Rakamlar 5 yılın ortalamasıdır:
Diyarbakır…….3000
Van……………….300
Batman………..1084
Cizre……………..459
İzmir……………..300
Mersin…………..180
İstanbul……….1000
Sami Tan yazısında bu tablonun yanı sıra Batman’a ilişkin bir tablo da veriyor. Bu tablo 2009-2013 arasında her yıl kaç öğrencinin kursları ziyaret ettiği ve bu öğrencilerin de kaçının bitirme belgesi aldığını gösteriyor:
2009….. 543…. 27
2010….1623…..750
2011….1397…1006
2012….1985…..450
2013….1084…..604
Top……5248…2076
Kürtçe kursların ve okulların kayyumlar ve KHK’lerle kapatılmasını, Kürt dili üzerindeki etkilerini İstanbul Kürt Enstitüsü Yönetim Kurulu Üyesi Eyüb Subaşı ile konuştuk. Subaşı, kayyumlar tarafından okulların ve kursların kapatılmasının Kürtçe verdiği zararlar konusundan şunları söyledi. “Anadilde eğitimin olmayışı bir yana, Türkiye’de sistematik bir biçimde ailelere ekonomik, siyasi ve kültürel baskılar yapılarak çocukların anadillerini öğrenmeleri engelleniyor. OHAL ilanını takip eden süreçte Kürtçe eğitim veren okul ve kreşlerin kapatılması ile Kürt dili ve kültürü üzerine çalışmalar yürüten kurumların KHK’ler ile kapatılıp eşyalarına el konulması, bize bu baskının varlığını bir kez daha tüm çıplaklığıyla gösterdi.
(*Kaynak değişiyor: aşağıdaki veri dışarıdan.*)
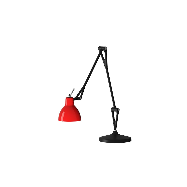 Luxy T1 bordlampe fra Rotaliana Skærmen er i glas og er malet på indersiden af glasset, det giver en smuk dybde i glasset. Skærmen fås i følgende farver: Blank hvid, satin hvid, rød, gul eller sort. Stellet er af aluminium og fås i enten mat sort, blank h

Aynı şekilde DBP’li belediyelere atanan kayyumların sanki bir yerden ortak karar çıkmışçasına ilk önce Kürtçe’yi hedef almaları, Kürtçe’nin maruz kaldığı baskının sadece kayyumluk bir politika olmadığını, aksine devlet düzeyinde Kürtçe’ye bir yönelmenin olduğunu göstermekte.” Kürtçe eğitimle ilgili Subaşı, devamında şunları dile getiriyor: “Bir dilin halk arasında yaygın bir şekilde konuşulur hâle gelmesi ve bilim dili olması için o dilde eğitimin olması temel bir şarttır. Aksi durumda dil belirli bir sınıra hapsolup zaman içinde de halk arasında konuşulmaz olur. Türkiye’deki anti-demokratik sistem Türkçe dışında diğer dillerde eğitimin verilmesini engelliyor. Bu durumun ne zamana kadar süreceğini kestirmek ise şu an itibarıyla zor.”
Kürtçe için hukuk
Van, DİSA-DER Eş Başkanı Salih Sertkal, 2019 yılının başlarına kadar da Kürtçe ders veren hiçbir kurum ve dernek bulunmadığını anlatıyor. DİSADER’i, OHAL’in kalkmasının ardından Van’da bir araya gelen Kürt dili aktivistleri ve yazarlar birlikte kurmuş. Sertkal, OHAL’in ilan edilmesi ile birlikte Kürt diline dair ne varsa sökülüp atıldığını şöyle anlattı: “Var olan dernekler, sivil toplum örgütleri hepten kapatıldı. Tüm bunları ‘terörle mücadele’ adı altında yapmak ise hukuksuzluğun dik alasıdır. Araplar nasıl Arapça, Türkler nasıl Türkçe kendi dillerini öğrenebiliyor ve bunu yaşatmak adına kurumsallaşıyorlarsa, Kürtler de Kürtçe de aynı evrensel hukuka sahiptir.”
Anadilin gücü
Dünya Anadil Günü’nün nasıl kabul edildiğini Kürt Enstitüsü’nden Eyüp Subaşı şöyle anlatıyor: “Bilindiği üzere Bengladeş 1971’lere kadar Pakistan’ın işgali altındaydı. Pakistan hükümeti 1952 yılında bir karar alıp Bengal dilini yasaklayarak Pakistan’ın resmî dili olan Urduca’nın Bengladeş’te de resmî dil olacağını ve tüm hizmetlerin artık Urdu dili ile yürütüleceğini bildirir. Bunun üzerine Bengalli üniversite öğrencileri söz konusu kararı protesto etmek adına 21 Şubat 1952 tarihinde sokaklara çıkarlar. Pakistan kolluk güçleri öğrencileri çok sert bir biçimde hedef alarak Bengladeşli birçok öğrenciyi katlederler. 21 Şubat’ın böyle bir tarihi arka planı olduğu için Birleşmiş Milletler Eğitim, Bilim ve Kültür Örgütü UNESCO, 1999 senesinde 21 Şubat’ı Uluslararası Ana Dil Günü olarak ilan etti.” Bu bağlamda diyebiliriz ki bugün Türkiye’de milyonlarca Kürt çocuğu ve Türkiye’de yaşayan diğer halkların çocukları anadillerinden mahrum bırakılmakta. Bu durum da çocukların eğitim ve sosyal hayatlarında onulmaz hasarlar meydana getirmekte.